_WHAT IS BEING ASKED_
Print only the lines below, from the very first to the one containing "This U.S. Legal", exactly as they stand. Do not print pictures.

[Stored items from a collection]
#####
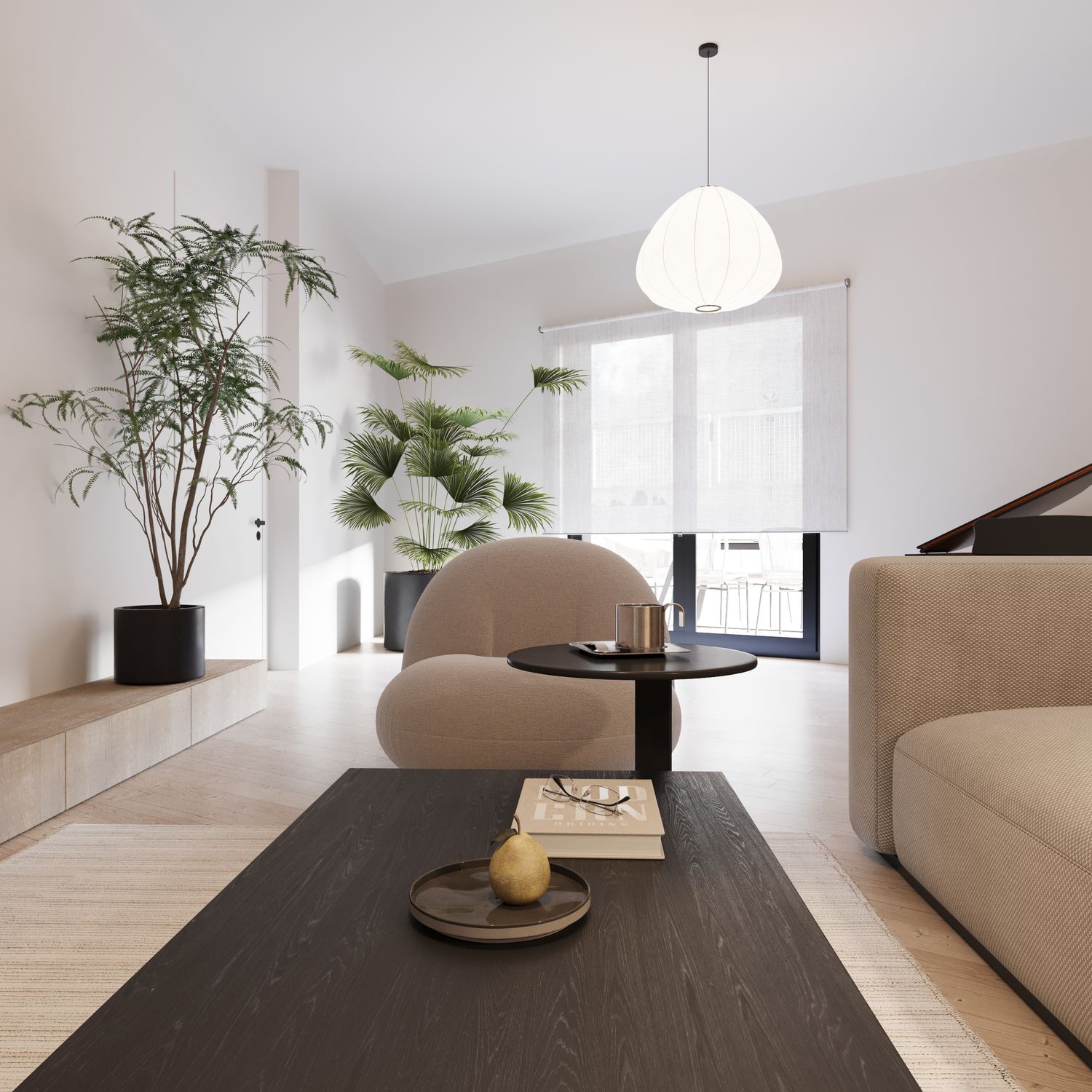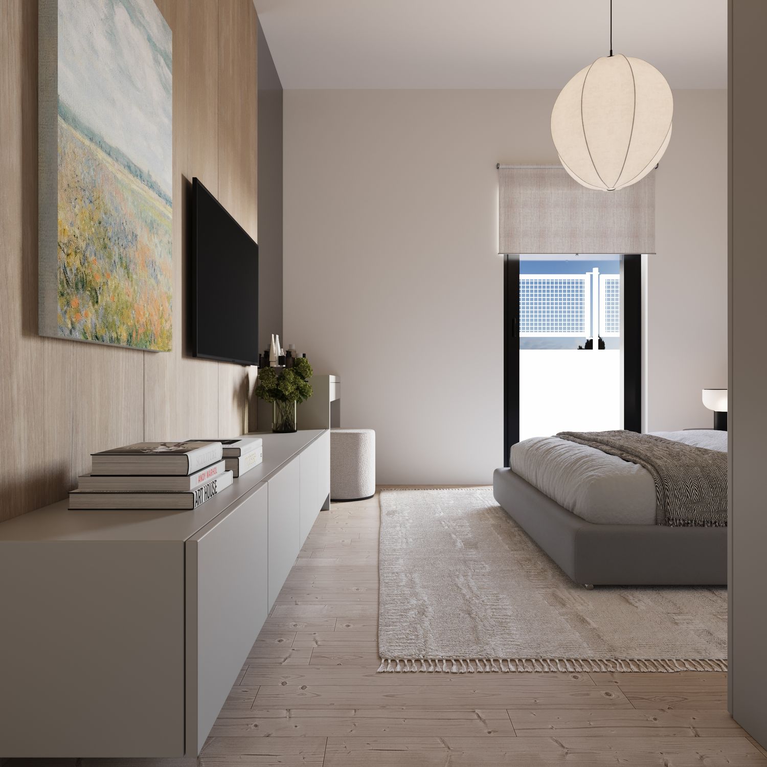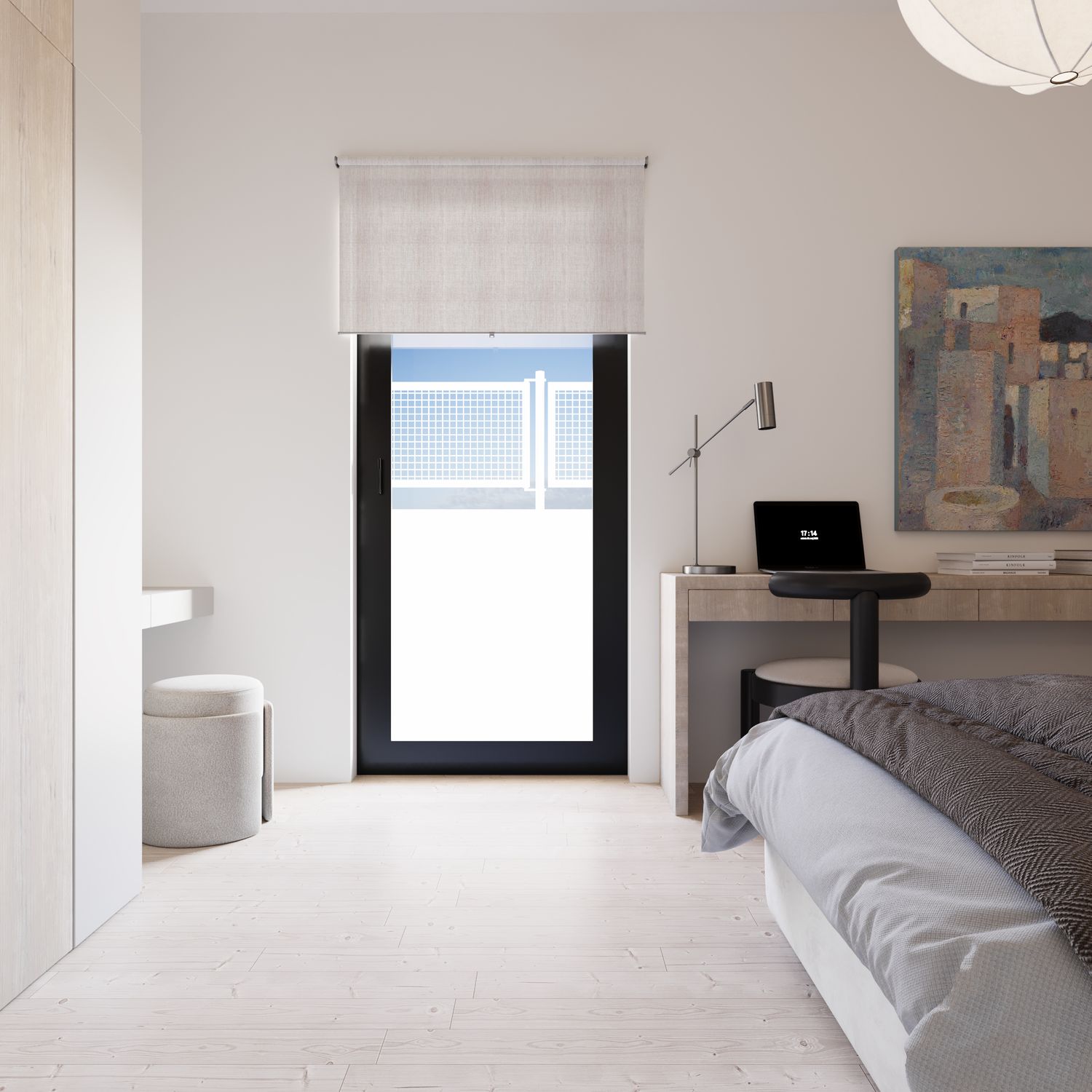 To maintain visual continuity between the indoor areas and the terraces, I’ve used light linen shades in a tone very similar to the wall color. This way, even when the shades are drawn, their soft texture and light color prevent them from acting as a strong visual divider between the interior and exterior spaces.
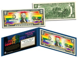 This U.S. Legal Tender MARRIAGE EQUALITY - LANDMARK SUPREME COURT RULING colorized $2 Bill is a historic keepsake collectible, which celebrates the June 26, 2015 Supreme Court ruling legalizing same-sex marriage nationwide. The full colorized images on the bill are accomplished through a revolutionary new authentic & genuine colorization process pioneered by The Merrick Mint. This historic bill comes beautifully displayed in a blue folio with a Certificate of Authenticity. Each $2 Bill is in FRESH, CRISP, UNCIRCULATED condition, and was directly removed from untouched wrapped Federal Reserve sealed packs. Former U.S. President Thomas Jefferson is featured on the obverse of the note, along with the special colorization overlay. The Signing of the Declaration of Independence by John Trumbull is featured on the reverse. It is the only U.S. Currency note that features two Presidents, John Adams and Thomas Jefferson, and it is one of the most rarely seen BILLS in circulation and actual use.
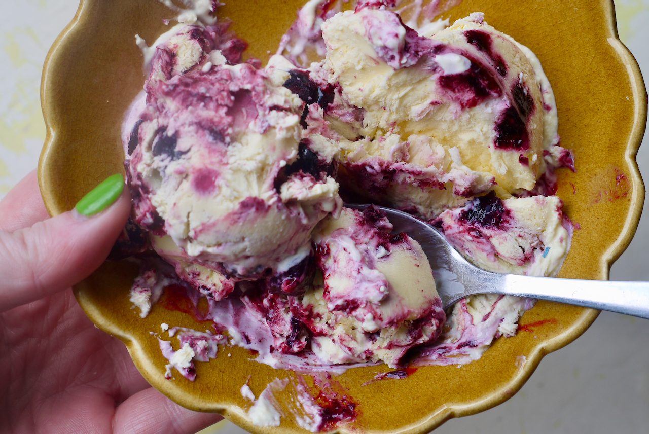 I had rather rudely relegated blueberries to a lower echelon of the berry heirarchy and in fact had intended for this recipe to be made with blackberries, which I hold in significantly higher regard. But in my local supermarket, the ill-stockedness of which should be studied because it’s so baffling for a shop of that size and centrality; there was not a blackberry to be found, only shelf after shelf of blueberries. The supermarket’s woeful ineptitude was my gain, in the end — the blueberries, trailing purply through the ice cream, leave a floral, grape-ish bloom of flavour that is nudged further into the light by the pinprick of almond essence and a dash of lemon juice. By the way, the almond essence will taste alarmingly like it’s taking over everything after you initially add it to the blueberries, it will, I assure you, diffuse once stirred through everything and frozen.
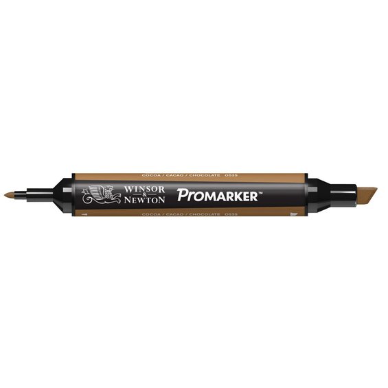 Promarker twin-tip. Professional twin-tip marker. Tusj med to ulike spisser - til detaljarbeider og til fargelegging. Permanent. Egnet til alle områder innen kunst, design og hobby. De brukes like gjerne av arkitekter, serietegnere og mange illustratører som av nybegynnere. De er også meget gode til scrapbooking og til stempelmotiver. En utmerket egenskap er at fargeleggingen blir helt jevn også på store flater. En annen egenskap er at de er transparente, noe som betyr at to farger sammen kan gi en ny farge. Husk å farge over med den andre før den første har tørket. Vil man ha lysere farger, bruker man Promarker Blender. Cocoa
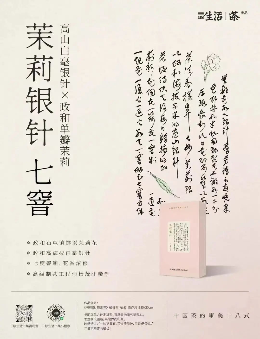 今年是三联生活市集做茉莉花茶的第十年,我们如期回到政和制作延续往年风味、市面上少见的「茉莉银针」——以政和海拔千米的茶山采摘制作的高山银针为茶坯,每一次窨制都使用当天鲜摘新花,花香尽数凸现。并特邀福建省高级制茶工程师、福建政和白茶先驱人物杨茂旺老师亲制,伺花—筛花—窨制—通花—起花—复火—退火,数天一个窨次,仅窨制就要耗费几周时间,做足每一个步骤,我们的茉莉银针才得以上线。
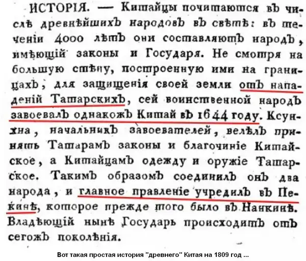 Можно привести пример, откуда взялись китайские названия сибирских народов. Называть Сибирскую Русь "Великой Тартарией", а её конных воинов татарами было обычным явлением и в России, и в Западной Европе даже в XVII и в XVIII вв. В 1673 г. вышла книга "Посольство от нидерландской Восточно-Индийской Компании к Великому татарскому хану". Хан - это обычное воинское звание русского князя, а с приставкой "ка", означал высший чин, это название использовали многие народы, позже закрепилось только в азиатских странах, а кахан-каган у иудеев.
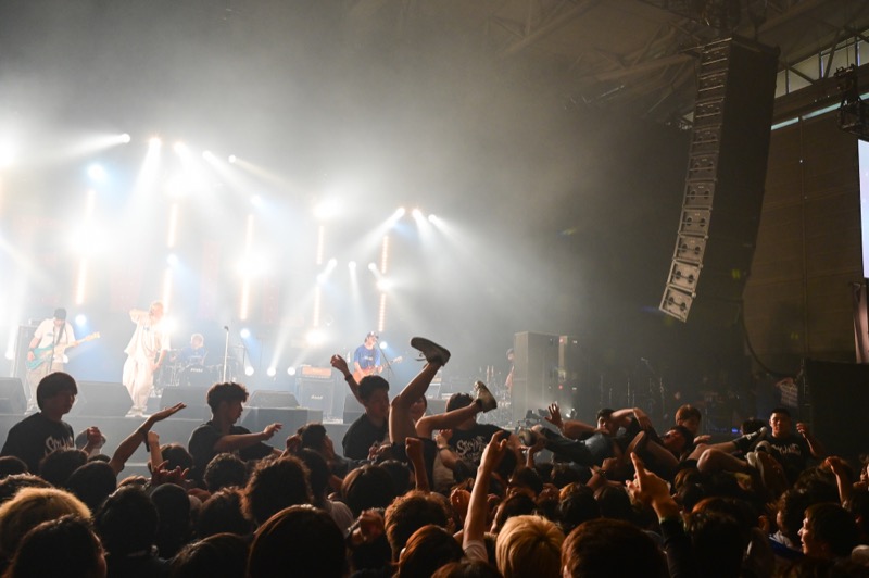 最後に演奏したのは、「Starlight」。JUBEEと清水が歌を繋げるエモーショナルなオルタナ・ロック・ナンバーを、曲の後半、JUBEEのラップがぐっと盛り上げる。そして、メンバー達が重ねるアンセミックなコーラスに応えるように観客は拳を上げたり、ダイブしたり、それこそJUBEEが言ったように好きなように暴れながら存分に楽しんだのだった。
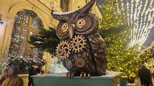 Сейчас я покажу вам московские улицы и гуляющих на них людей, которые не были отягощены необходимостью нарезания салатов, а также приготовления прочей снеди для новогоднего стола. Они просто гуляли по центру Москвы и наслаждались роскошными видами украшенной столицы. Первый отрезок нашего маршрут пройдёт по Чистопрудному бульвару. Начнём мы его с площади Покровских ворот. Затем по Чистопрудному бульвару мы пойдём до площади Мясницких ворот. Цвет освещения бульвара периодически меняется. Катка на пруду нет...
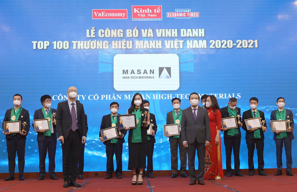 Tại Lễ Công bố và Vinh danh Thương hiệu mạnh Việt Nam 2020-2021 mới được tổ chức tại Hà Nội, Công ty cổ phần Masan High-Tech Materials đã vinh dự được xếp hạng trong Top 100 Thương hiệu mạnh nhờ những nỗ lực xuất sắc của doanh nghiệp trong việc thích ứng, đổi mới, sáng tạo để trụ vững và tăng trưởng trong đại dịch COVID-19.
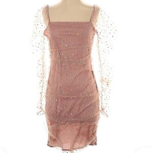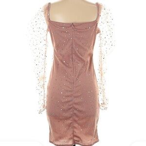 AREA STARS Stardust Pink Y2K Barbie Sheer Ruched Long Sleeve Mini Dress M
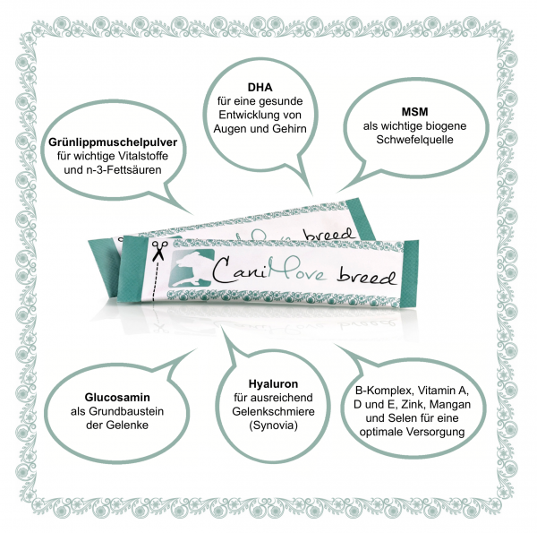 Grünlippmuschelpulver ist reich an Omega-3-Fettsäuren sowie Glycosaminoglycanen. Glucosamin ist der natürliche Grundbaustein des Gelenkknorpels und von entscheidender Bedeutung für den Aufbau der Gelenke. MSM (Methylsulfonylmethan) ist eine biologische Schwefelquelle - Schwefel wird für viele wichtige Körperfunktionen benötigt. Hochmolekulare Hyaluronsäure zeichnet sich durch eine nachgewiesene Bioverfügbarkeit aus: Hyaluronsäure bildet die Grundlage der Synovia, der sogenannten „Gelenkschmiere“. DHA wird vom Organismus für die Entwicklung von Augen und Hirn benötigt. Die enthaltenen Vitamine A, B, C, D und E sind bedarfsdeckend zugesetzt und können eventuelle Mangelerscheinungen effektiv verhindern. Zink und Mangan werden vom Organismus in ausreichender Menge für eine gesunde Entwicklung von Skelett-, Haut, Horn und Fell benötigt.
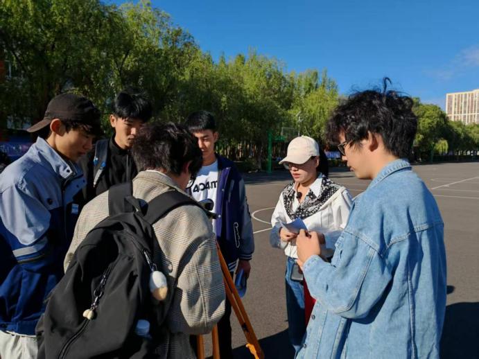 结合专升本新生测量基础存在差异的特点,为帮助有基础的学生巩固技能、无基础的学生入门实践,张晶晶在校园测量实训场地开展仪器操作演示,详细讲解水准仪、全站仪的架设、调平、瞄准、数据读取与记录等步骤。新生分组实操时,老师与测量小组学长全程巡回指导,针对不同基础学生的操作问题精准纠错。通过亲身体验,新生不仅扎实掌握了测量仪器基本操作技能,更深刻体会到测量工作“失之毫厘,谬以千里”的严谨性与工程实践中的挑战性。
#####
_FINISHED EXERCISE_
 To maintain visual continuity between the indoor areas and the terraces, I’ve used light linen shades in a tone very similar to the wall color. This way, even when the shades are drawn, their soft texture and light color prevent them from acting as a strong visual divider between the interior and exterior spaces.
 This U.S. Legal Tender MARRIAGE EQUALITY - LANDMARK SUPREME COURT RULING colorized $2 Bill is a historic keepsake collectible, which celebrates the June 26, 2015 Supreme Court ruling legalizing same-sex marriage nationwide. The full colorized images on the bill are accomplished through a revolutionary new authentic & genuine colorization process pioneered by The Merrick Mint. This historic bill comes beautifully displayed in a blue folio with a Certificate of Authenticity. Each $2 Bill is in FRESH, CRISP, UNCIRCULATED condition, and was directly removed from untouched wrapped Federal Reserve sealed packs. Former U.S. President Thomas Jefferson is featured on the obverse of the note, along with the special colorization overlay. The Signing of the Declaration of Independence by John Trumbull is featured on the reverse. It is the only U.S. Currency note that features two Presidents, John Adams and Thomas Jefferson, and it is one of the most rarely seen BILLS in circulation and actual use.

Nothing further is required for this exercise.